═══ Records for this task

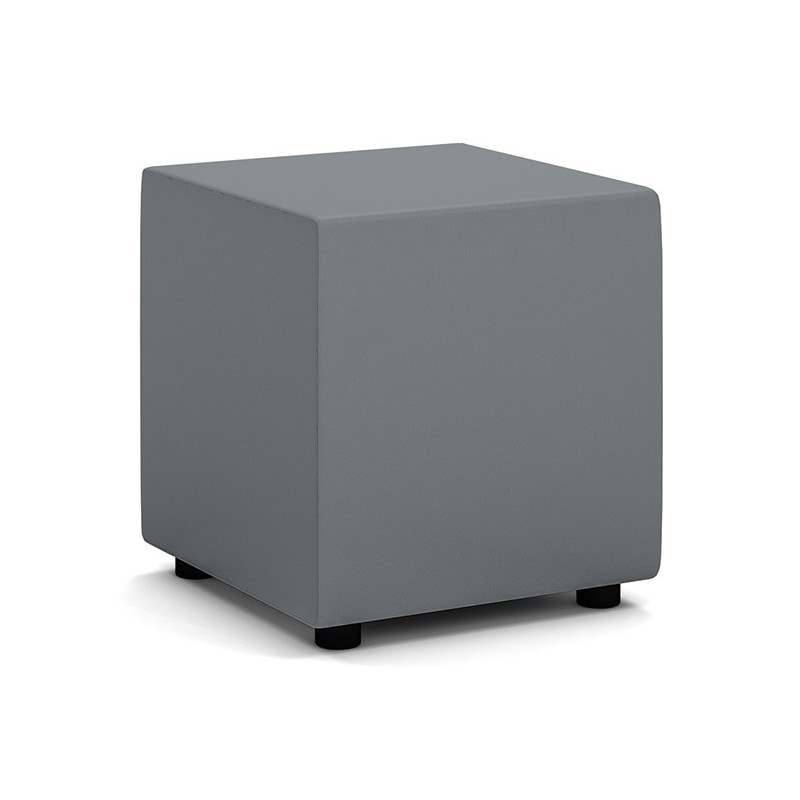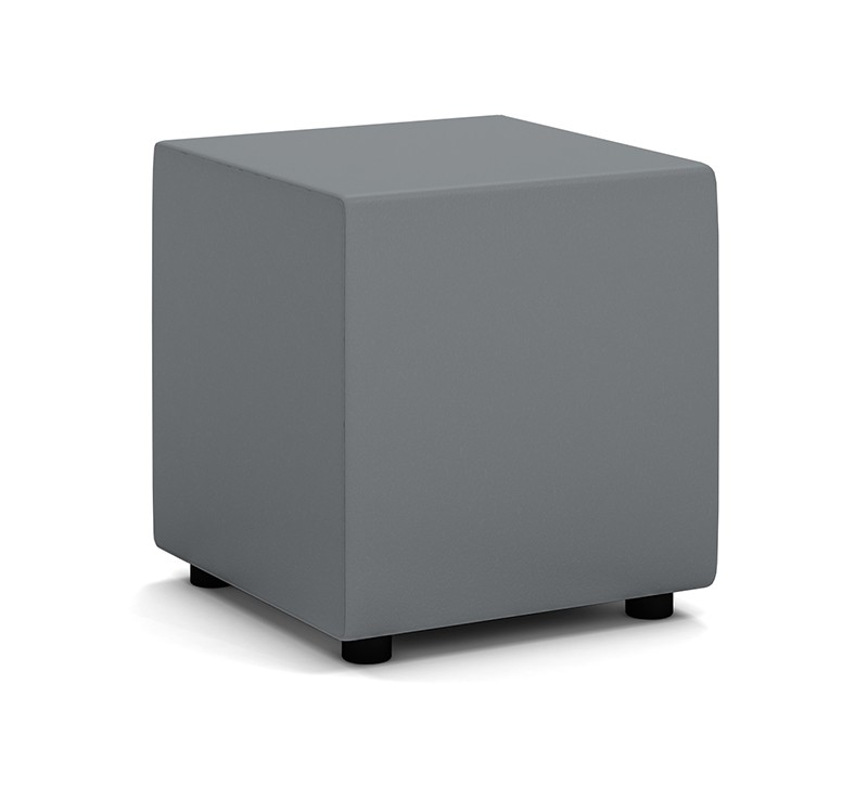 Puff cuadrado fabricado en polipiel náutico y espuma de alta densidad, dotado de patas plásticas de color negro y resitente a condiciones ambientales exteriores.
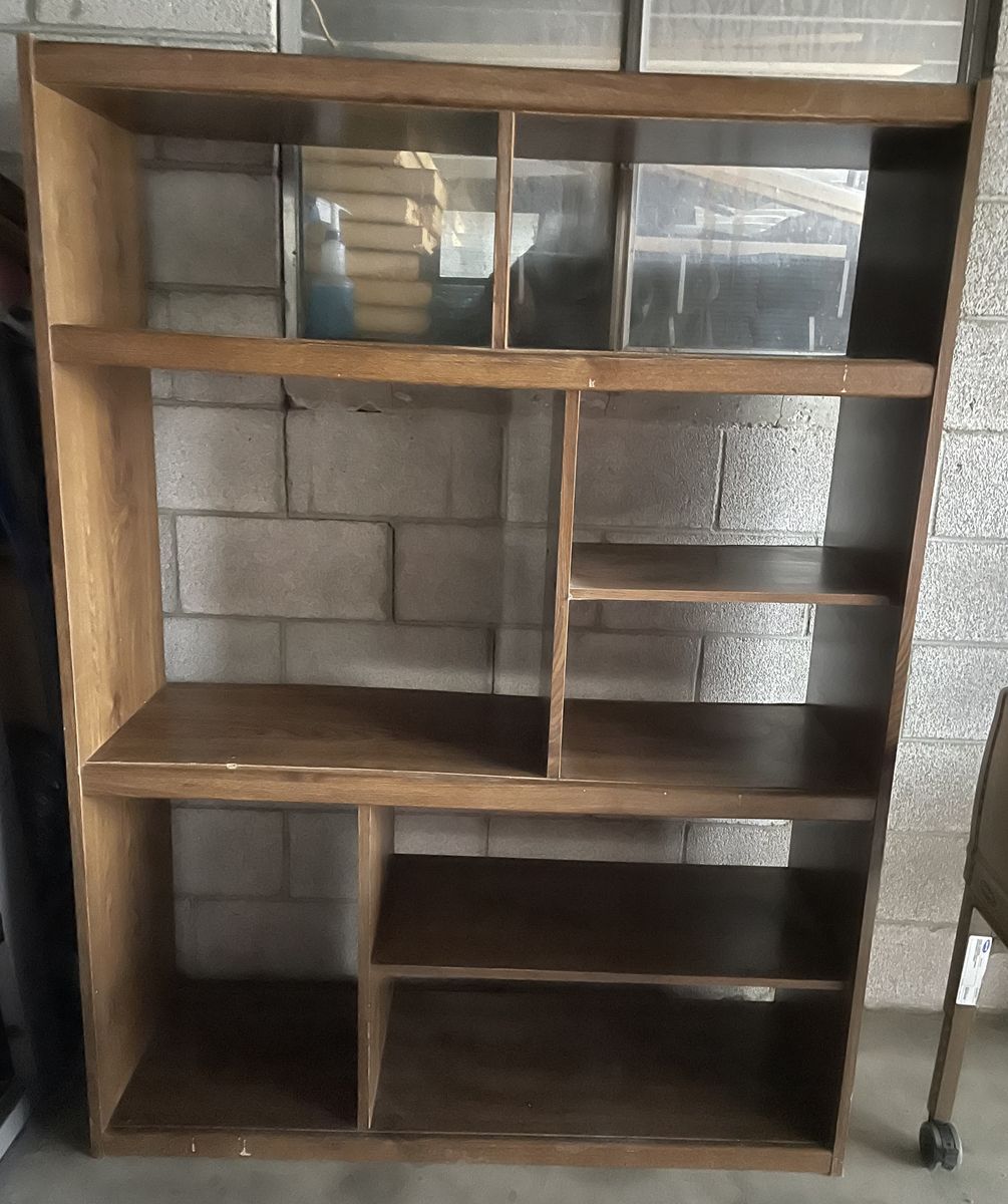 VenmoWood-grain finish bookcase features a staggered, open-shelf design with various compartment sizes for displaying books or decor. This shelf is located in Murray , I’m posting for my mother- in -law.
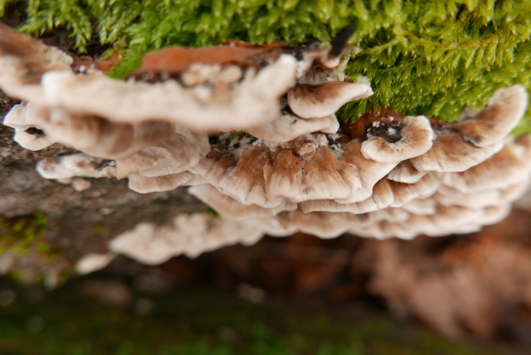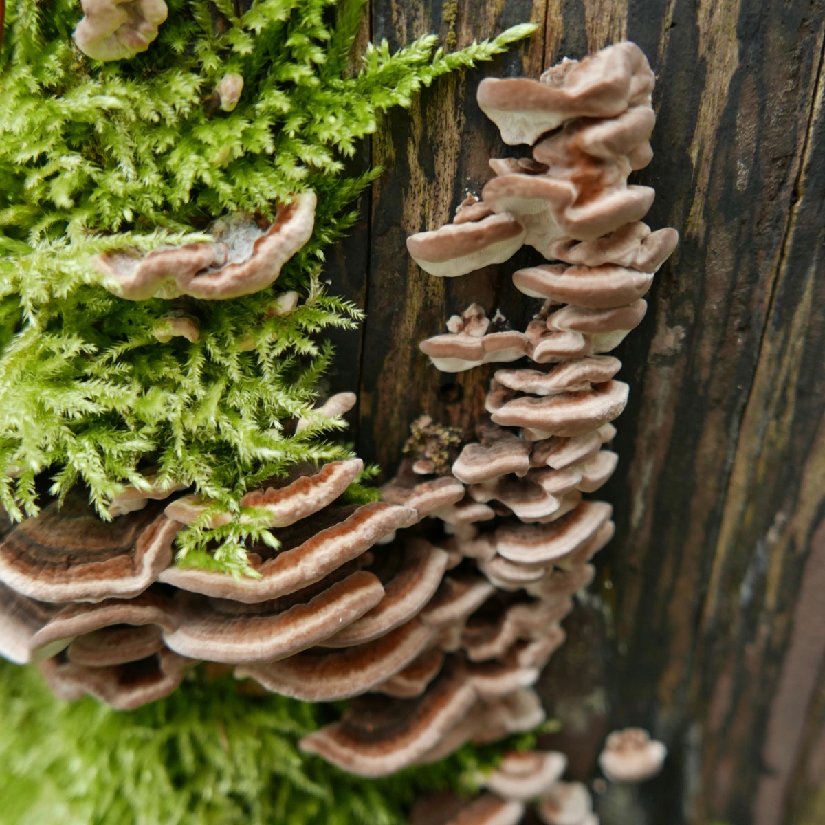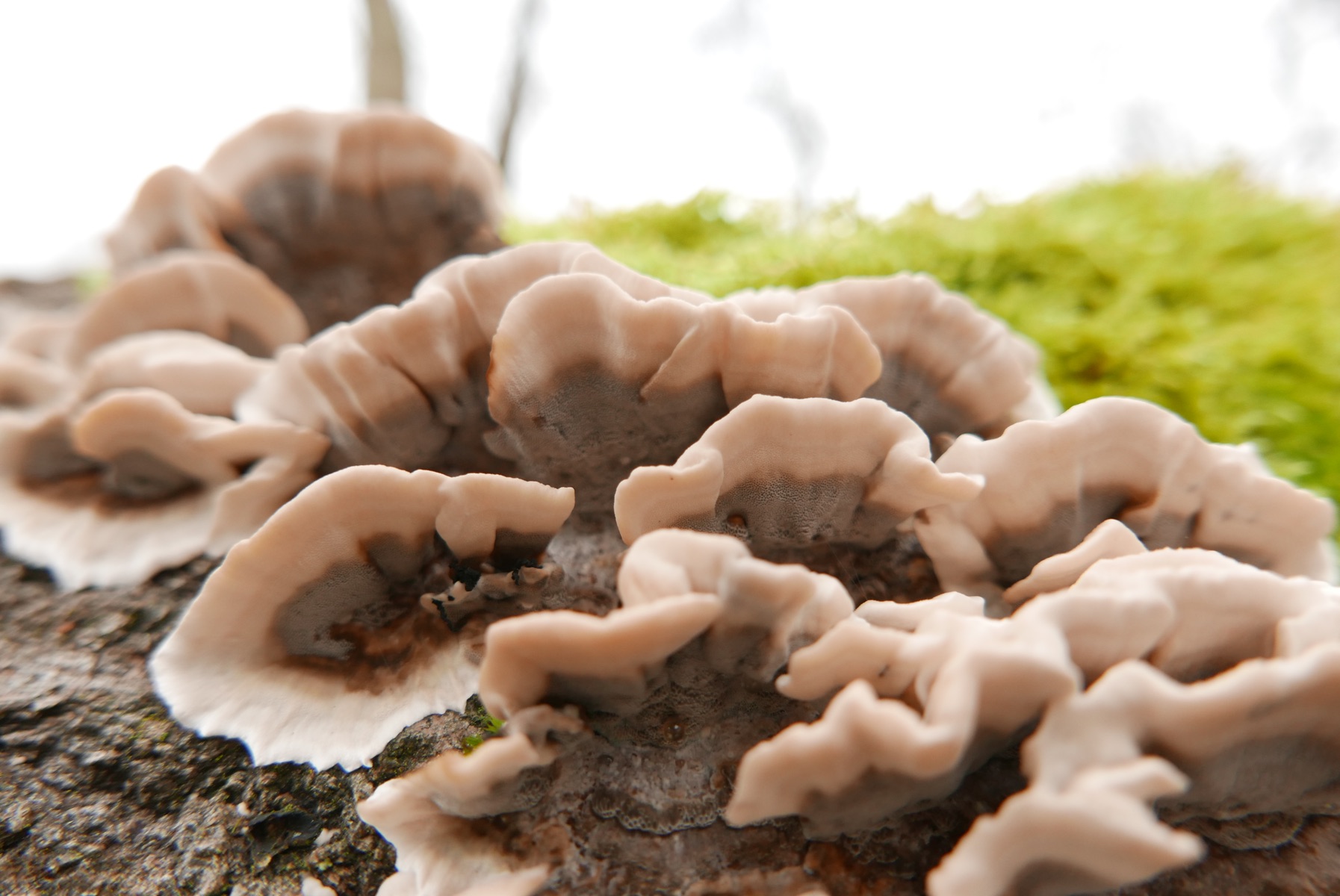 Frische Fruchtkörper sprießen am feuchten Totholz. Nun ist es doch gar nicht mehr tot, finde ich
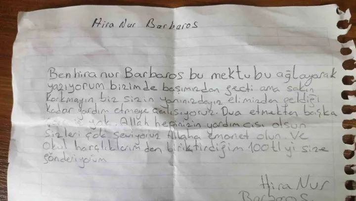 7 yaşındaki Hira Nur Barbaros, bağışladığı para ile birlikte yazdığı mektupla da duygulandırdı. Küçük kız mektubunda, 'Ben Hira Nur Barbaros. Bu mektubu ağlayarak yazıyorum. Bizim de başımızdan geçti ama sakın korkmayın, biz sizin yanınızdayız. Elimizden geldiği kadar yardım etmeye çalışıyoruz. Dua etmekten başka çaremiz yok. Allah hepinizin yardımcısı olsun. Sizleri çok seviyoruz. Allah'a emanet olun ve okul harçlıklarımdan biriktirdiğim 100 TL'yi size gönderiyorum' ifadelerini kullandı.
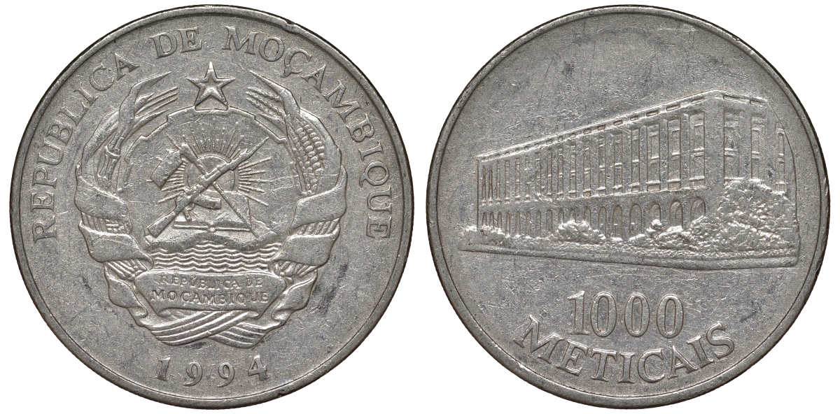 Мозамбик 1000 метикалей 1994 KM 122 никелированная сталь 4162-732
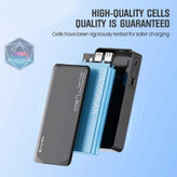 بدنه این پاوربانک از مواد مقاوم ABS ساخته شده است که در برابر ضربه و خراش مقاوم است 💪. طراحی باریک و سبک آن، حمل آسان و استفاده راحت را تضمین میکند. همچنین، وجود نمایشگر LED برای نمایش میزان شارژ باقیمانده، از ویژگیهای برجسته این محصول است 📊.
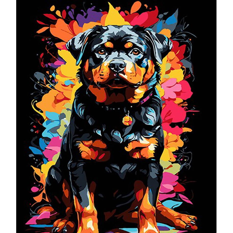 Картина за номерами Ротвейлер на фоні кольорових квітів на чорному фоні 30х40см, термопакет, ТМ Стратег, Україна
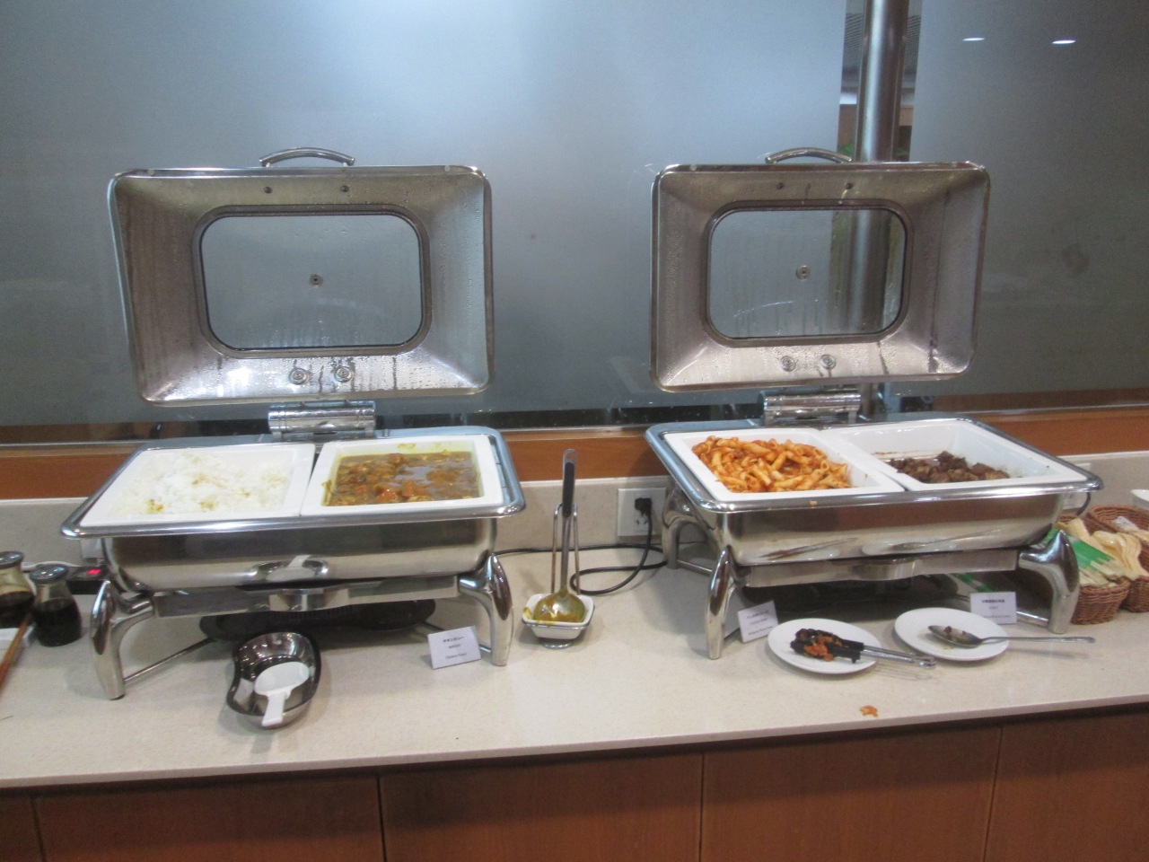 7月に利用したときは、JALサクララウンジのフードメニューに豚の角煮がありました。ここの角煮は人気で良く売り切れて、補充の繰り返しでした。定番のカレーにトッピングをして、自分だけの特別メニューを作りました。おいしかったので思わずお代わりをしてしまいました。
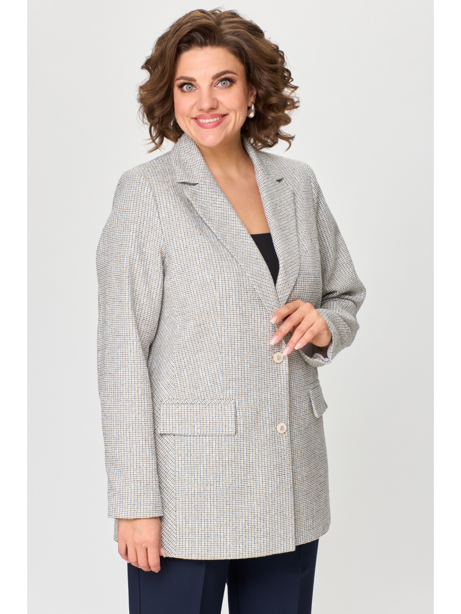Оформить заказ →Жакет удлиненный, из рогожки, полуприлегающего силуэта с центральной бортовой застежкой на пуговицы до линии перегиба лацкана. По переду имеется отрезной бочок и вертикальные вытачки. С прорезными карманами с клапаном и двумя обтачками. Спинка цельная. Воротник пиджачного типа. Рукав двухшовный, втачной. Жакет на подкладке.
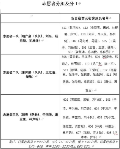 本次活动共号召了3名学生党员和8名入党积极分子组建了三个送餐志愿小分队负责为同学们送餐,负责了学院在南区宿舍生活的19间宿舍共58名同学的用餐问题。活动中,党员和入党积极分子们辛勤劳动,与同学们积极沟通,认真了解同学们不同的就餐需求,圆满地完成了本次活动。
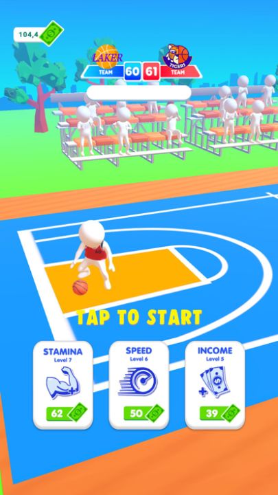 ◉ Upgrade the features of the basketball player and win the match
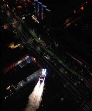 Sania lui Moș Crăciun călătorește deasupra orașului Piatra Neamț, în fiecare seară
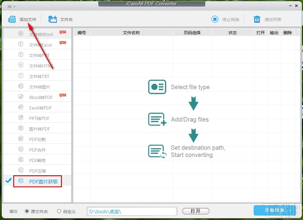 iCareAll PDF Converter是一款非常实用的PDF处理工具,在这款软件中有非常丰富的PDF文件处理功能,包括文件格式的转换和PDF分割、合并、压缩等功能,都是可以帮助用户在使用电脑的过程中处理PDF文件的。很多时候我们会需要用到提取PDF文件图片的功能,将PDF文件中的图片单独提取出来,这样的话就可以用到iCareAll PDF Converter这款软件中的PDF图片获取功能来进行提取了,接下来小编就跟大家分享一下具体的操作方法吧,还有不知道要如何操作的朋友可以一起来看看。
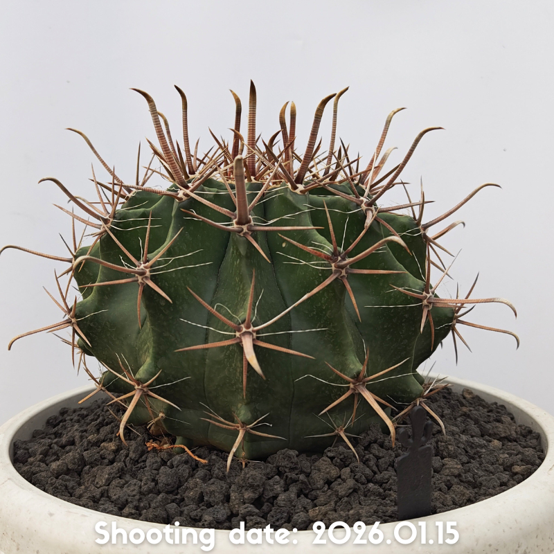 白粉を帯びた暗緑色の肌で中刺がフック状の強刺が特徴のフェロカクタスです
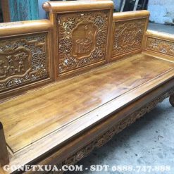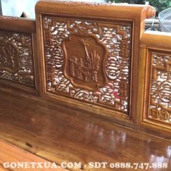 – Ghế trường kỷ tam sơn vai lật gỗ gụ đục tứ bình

══════

The response should be the full material, repeated exactly, with images removed.

▶ [Response to this task]
 Puff cuadrado fabricado en polipiel náutico y espuma de alta densidad, dotado de patas plásticas de color negro y resitente a condiciones ambientales exteriores.
 VenmoWood-grain finish bookcase features a staggered, open-shelf design with various compartment sizes for displaying books or decor. This shelf is located in Murray , I’m posting for my mother- in -law.
 Frische Fruchtkörper sprießen am feuchten Totholz. Nun ist es doch gar nicht mehr tot, finde ich
 7 yaşındaki Hira Nur Barbaros, bağışladığı para ile birlikte yazdığı mektupla da duygulandırdı. Küçük kız mektubunda, 'Ben Hira Nur Barbaros. Bu mektubu ağlayarak yazıyorum. Bizim de başımızdan geçti ama sakın korkmayın, biz sizin yanınızdayız. Elimizden geldiği kadar yardım etmeye çalışıyoruz. Dua etmekten başka çaremiz yok. Allah hepinizin yardımcısı olsun. Sizleri çok seviyoruz. Allah'a emanet olun ve okul harçlıklarımdan biriktirdiğim 100 TL'yi size gönderiyorum' ifadelerini kullandı.
 Мозамбик 1000 метикалей 1994 KM 122 никелированная сталь 4162-732
 بدنه این پاوربانک از مواد مقاوم ABS ساخته شده است که در برابر ضربه و خراش مقاوم است 💪. طراحی باریک و سبک آن، حمل آسان و استفاده راحت را تضمین میکند. همچنین، وجود نمایشگر LED برای نمایش میزان شارژ باقیمانده، از ویژگیهای برجسته این محصول است 📊.
 Картина за номерами Ротвейлер на фоні кольорових квітів на чорному фоні 30х40см, термопакет, ТМ Стратег, Україна
 7月に利用したときは、JALサクララウンジのフードメニューに豚の角煮がありました。ここの角煮は人気で良く売り切れて、補充の繰り返しでした。定番のカレーにトッピングをして、自分だけの特別メニューを作りました。おいしかったので思わずお代わりをしてしまいました。
Оформить заказ →Жакет удлиненный, из рогожки, полуприлегающего силуэта с центральной бортовой застежкой на пуговицы до линии перегиба лацкана. По переду имеется отрезной бочок и вертикальные вытачки. С прорезными карманами с клапаном и двумя обтачками. Спинка цельная. Воротник пиджачного типа. Рукав двухшовный, втачной. Жакет на подкладке.
 本次活动共号召了3名学生党员和8名入党积极分子组建了三个送餐志愿小分队负责为同学们送餐,负责了学院在南区宿舍生活的19间宿舍共58名同学的用餐问题。活动中,党员和入党积极分子们辛勤劳动,与同学们积极沟通,认真了解同学们不同的就餐需求,圆满地完成了本次活动。
 ◉ Upgrade the features of the basketball player and win the match
 Sania lui Moș Crăciun călătorește deasupra orașului Piatra Neamț, în fiecare seară
 iCareAll PDF Converter是一款非常实用的PDF处理工具,在这款软件中有非常丰富的PDF文件处理功能,包括文件格式的转换和PDF分割、合并、压缩等功能,都是可以帮助用户在使用电脑的过程中处理PDF文件的。很多时候我们会需要用到提取PDF文件图片的功能,将PDF文件中的图片单独提取出来,这样的话就可以用到iCareAll PDF Converter这款软件中的PDF图片获取功能来进行提取了,接下来小编就跟大家分享一下具体的操作方法吧,还有不知道要如何操作的朋友可以一起来看看。
 白粉を帯びた暗緑色の肌で中刺がフック状の強刺が特徴のフェロカクタスです
 – Ghế trường kỷ tam sơn vai lật gỗ gụ đục tứ bình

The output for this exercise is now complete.